= FRMCS =

Wireless standard for railway communication

The Future Railway Mobile Communication System (FRMCS) is an international wireless communications standard for railway communication and applications. It is designed as the successor to GSM-R (Global System for Mobile Communications – Railway), primarily used in the European Train Control System (ETCS).

== Background ==

The GSM technology is approaching end-of-life status by 2030. Unlike the UMTS systems, which have already started to be decommissioned in the 2020s, GSM-R benefited from a significant installed base, prompting vendors to continue production until a predetermined end date. Consequently, the International Union of Railways (UIC) has decided to make a significant technological leap by adopting 5G NR mobile networks for FRMCS, bypassing the interim LTE-R proposal. This decision effectively leapfrogs two generations of mobile communication technologies.

On 20 November 2020, the Electronic Communications Committee of the CEPT allocated the paired frequency bands 874.4–880.0 MHz and 919.4–925.0 MHz, alongside the unpaired frequency band 1900–1910 MHz for Railway Mobile Radio (RMR) use, an umbrella term covering both GSM-R and FRMCS technologies. The European Commission mandated on 28 September 2021 that EU member states must make these frequencies available for railway applications.

The FRMCS standardisation effort commenced in 2015, with the requirements specification finalised in February 2020. The "5G Rail" testing project, initiated in November 2020 and slated for completion in 2023, led to the publication of a preliminary standard draft at the end of 2022, with finalisation expected in early 2023. The final specifications are anticipated in 2024, paving the way for the system's rollout starting in 2025.

Railway operators are actively preparing for FRMCS implementation, focusing on evaluating base station locations to accommodate the system's increased requirements. 5G technology's higher data transmission capacity within the same frequency band necessitates a more dense base station network due to its reduced transmission range. Finland's railway operator has emerged as a pilot user, expressing interest in dismantling its own base stations in favour of leveraging public networks for railway operations through multipath routing, utilising all three of the country's public network operators across its 6000 km of track. A 190 km test track was established in 2022 to facilitate FRMCS trials, targeting completion in 2024.
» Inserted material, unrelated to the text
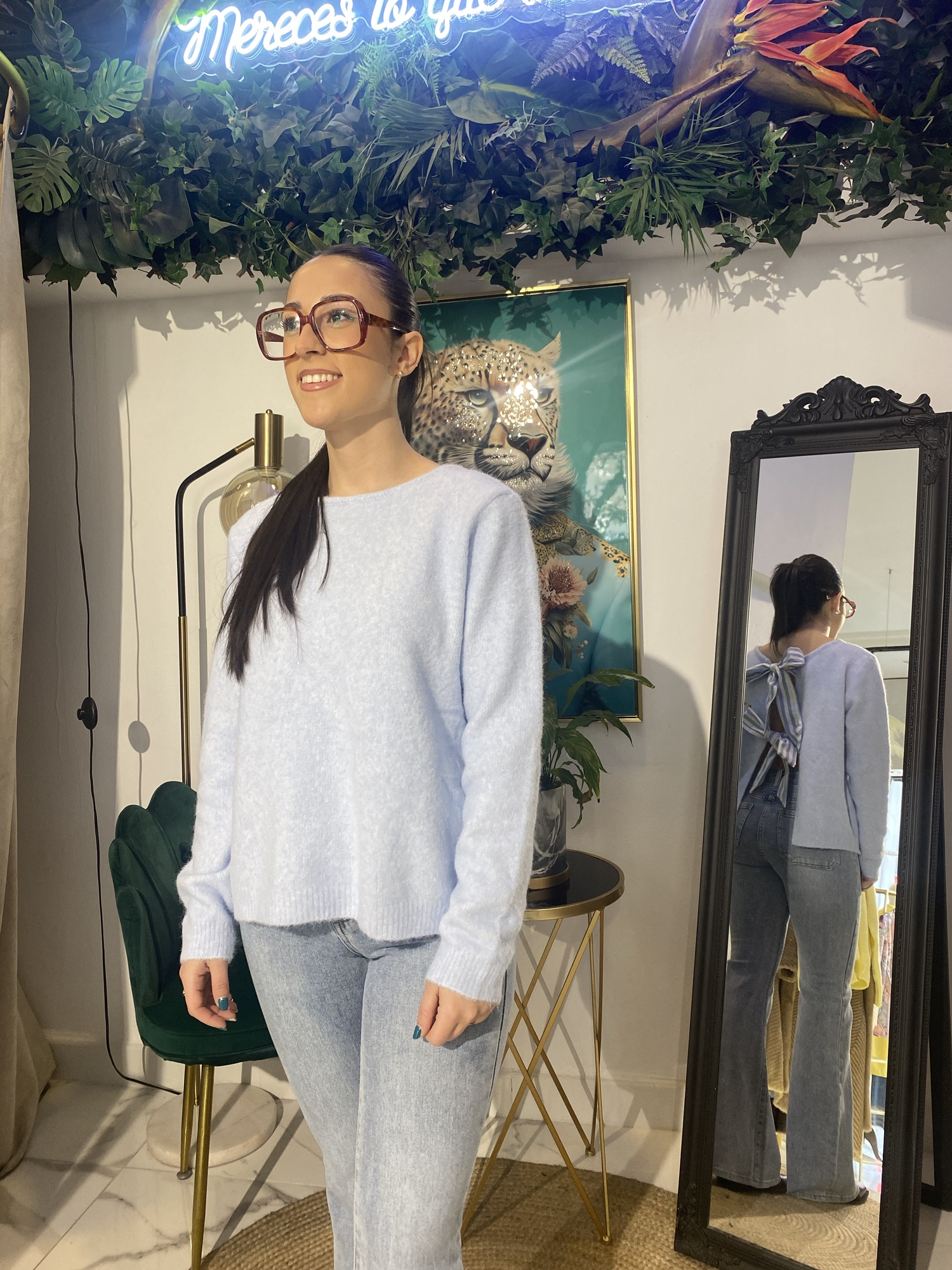 Este jersey de cuello caja con lazos en la espalda es una prenda imprescindible en tu armario. Su diseño atemporal te permite crear looks muy diferentes, desde un estilo casual con jeans y zapatillas deportivas hasta un outfit más arreglado con faldas o pantalones de vestir.

Recent European train tenders now stipulate that deliveries from 2024 onwards must be FRMCS-compatible. In May 2023, the French railway operator SNCF awarded a contract to Frequentis for the provision of FRMCS across its network, with a strategic plan to complete the network transformation by 2030. Deutsche Bahn in Germany plans to transition between 2026 and 2035, beginning live tests in 2027. Switzerland identified locations for 3500 base stations in 2022 and plans to deactivate GSM-R by 2035. In May 2023, it began evaluating whether to utilise base stations from public 5G network operators, or a combination of public networks and dedicated infrastructure. A number of FRMCS-ready 5G and LTE networks for railway communications are also being deployed outside Europe, including in Australia, South Korea and India.